The trial chamber stressed that its findings do not preclude that more than 200 persons, of whom 194 have been identified, died at Ovčara on 20th and 21st of November 1991.



It said the actual perpetrators of the murders and torture and associated beatings were members of the Serb Territorial Defence forces, led by Miroljub Vujović, many from the Vukovar area itself, and Serb paramilitary forces.



Mrksic was found guilty of aiding and abetting the murders because, despite knowing of the threat that the local paramilitary forces posed to the prisoners of war, he withdrew the JNA troops guarding the prisoners.



According to the judgment, this allowed the local forces to murder them. JNA forces which he commanded had earlier established the inhumane conditions of detention, and he failed to act effectively to ensure that the prisoners were properly protected by JNA guards from torture by Serb Territorial Defence and paramilitary forces.



Sljivancanin was ruled to have failed to secure adequate JNA guards for the prisoners and to have failed to stop local forces from abusing the prisoners.

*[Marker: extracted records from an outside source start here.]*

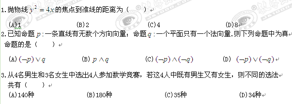 辽宁省瓦房店市高级中学10-11学年度高二上学期期末考试 (数学理)
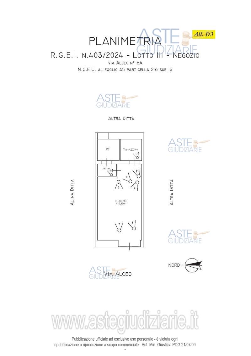 Vendita all'asta Senza incanto, con gara telematica sincrona mista - LOTTO 3: Piena proprietà dell’unità immobiliare commerciale (negozio) sito a Siracusa (SR), Via Alceo n. 6/A censito al N.C.E.U. del Comune di Siracusa al foglio 45, particella 216, sub 15, categoria C/1, classe 7, consistenza mq. 35, rendita € 1.106,25. Prezzo base € 30.000,00 (offerta minima € 22.500,00). Data vendita 21/01/2026 ore 09:00. Giudice Concita Cultrera. Professionista delegato alla vendita Dott. Alessandro Abbruzzo - Email "alessandro.abbruzzo@gmail.com"; Tel. 0931464088. Custode Giudiziario Dott. Alessandro Abbruzzo - Email "alessandro.abbruzzo@gmail.com"; Tel. 0931464088. Rif. Tribunale di Siracusa - Esecuzione immobiliare post legge 80 n. 403/2024
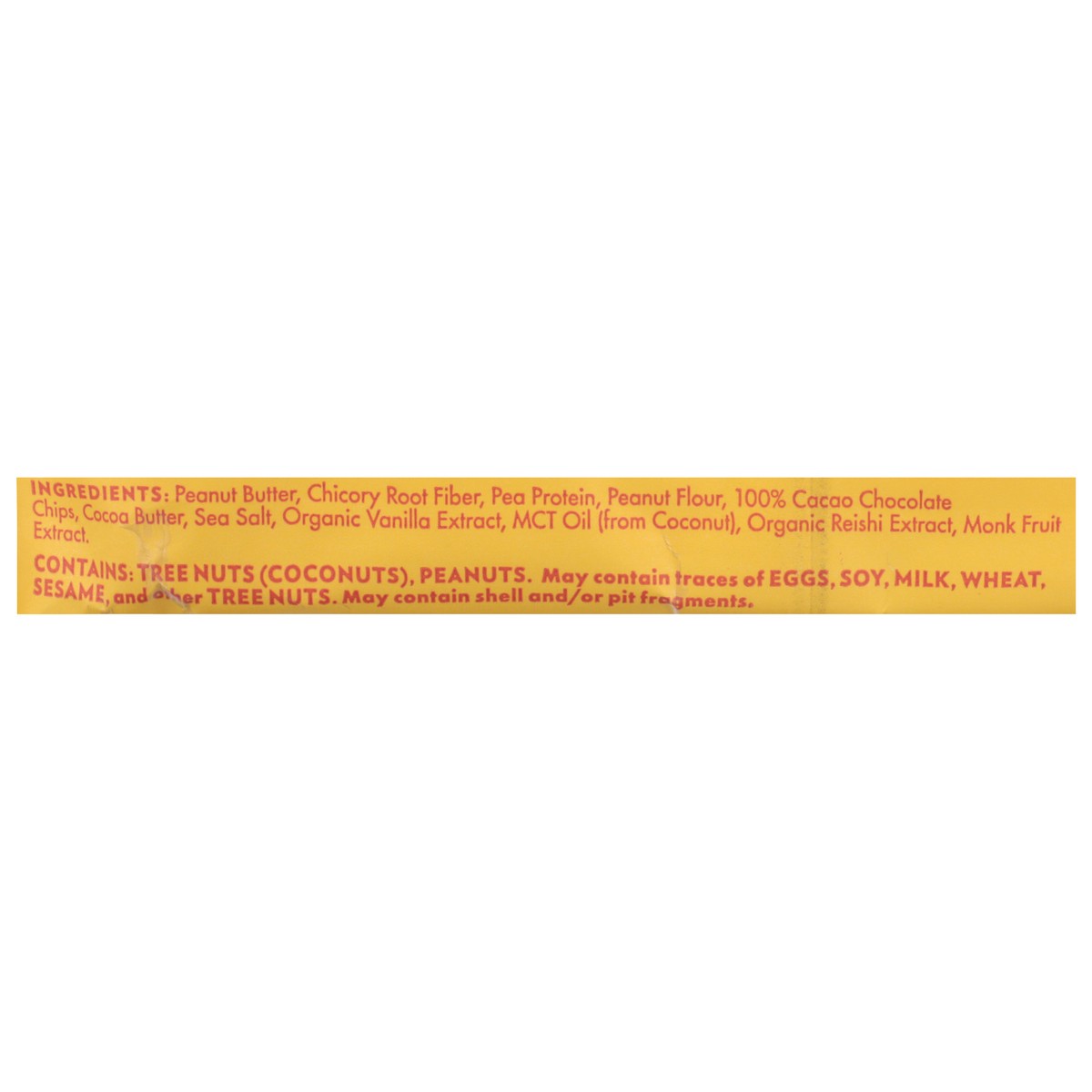 Peanut Butter, Chicory Root Fiber, Pea Protein, Peanut Flour, 100% Cacao Chocolate Chips, Cocoa Butter, Sea Salt, Organic Vanilla Extract, Mct Oil (from Coconut), Organic Reishi Extract, Monk Fruit Ex…

The evidence established that Radic was at the Vukovar hospital on November 19 and that JNA soldiers under his command provided the initial security at the hospital. But it said he had not taken part in the separation of the prisoners into different groups, and that there was no evidence to suggest that he knew of the crime or that troops under his commands had taken part.



The initial indictment against Mrksic, Sljivancanin and Radic was issued on November 7, 1995. Mrksic has been in the tribunal’s custody since May 15, 2002 and Sljivancanin was transferred into custody on July 1, 2003.



They had been charged with crimes against humanity and war crimes for their alleged participation in a joint criminal enterprise whose goal was to murder and mistreat the prisoners and their personal and command responsibility for the torture and executions.



Goran Jungvirth is an IWPR contributor in Zagreb.